= Richard Ellsasser =

American concert organist, composer, and conductor

Richard Ellsasser

Richard Ellsasser (September 14, 1926 - August 9, 1972) was an American concert organist, composer, and conductor who was primarily active during the 1940s to 1960s.

== Life and career ==
Born in Cleveland, Ohio, on September 14, 1926, he was a musical prodigy who studied piano and organ, first with his father Frederick Ellsasser, a musician in the Cleveland Orchestra, and later with Winslow Cheney and Albert Riemenschneider. Ellsasser also studied with Joseph Bonnet. At the age of seven, he toured the eastern United States as an organist with various symphony orchestras. He made his New York organ debut in 1937. He graduated high school with high honors at the age of 14. He attended Oberlin College briefly and later Baldwin-Wallace College (from which he obtained his Bachelor of Music degree), and graduated at age 17. At the age of 19, he became the youngest person in history to have played, from memory, all 200+ organ works of Johann Sebastian Bach,

In 1946, he embarked on a transcontinental tour of the United States that visited 27 states in two months. In the middle of the tour, on his 20th birthday, his airplane crashed near Stockton, California. Ellsasser and others were unharmed, but the tour's secretary William Akers died. He went on to complete the tour, having performed for over 40,000 people.

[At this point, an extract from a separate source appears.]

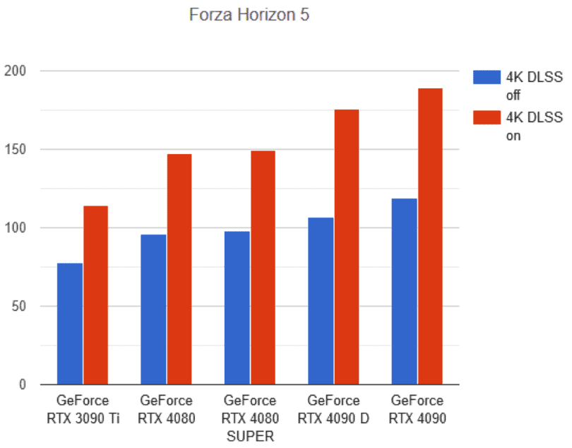 Forza Horizon 5 among GeForce RTX 3090 Ti, GeForce RTX 4080, GeForce RTX 4090 SUPER, GeForce RTX 4090D, and GeForce RTX 4090

Ellsasser later went on to study at the School of Theology at Boston University, and the School of Religion at the University of Southern California (where he earned a Master's Degree in Theology). Ellsasser also earned a Doctorate from Boston University.

For many years, Ellsasser was Minister of Music at Wilshire United Methodist Church in Los Angeles, California, where he later created and directed a series of music festivals. In later years, he became Minister of Recitals at the First Congregational Church of Los Angeles. NBC featured the young organist on the air with the production of "The Ellsasser Show." He had perfect pitch, and was also gifted in the art of improvisation and often included an improvisation as part of his concerts. This was typically in the form of a submitted theme in a sealed envelope.

Additionally, he was founder and, for several seasons, director of the Bach Circle of Boston.

A prolific recording artist, Ellsasser made numerous "private label" recordings during the 1950s for MGM Records, primarily at the Hammond Castle Museum in Gloucester, Massachusetts. He also recorded several albums for Kapp Records.

During the 1960s, Ellsasser became a faculty member at the National Music Camp in Interlochen, Michigan.

In 1967, Ellsasser recorded two albums for Nonesuch Records at the Hammond Castle Museum. Shortly after completing these recordings, he suffered a stroke, which forced him into retirement. He came out of retirement in January 1972 when he accepted a position as Minister of Music at the United Baptist Church of Jamaica Plain, Massachusetts (Boston); this was his last church position. He continued to conduct workshops, accompany musicals and perform in a few concerts during the last year of his life. He died on August 9, 1972, in New York City, some six weeks prior to what would have been his 46th birthday.

Ellsasser "freely arranged for the modern organ" a lively Rondo in G that he attributed to John Bull centuries earlier. The Rondo is "not known to have existed at all" before Ellsasser published his arrangement in 1951, and he is generally presumed to have been the composer.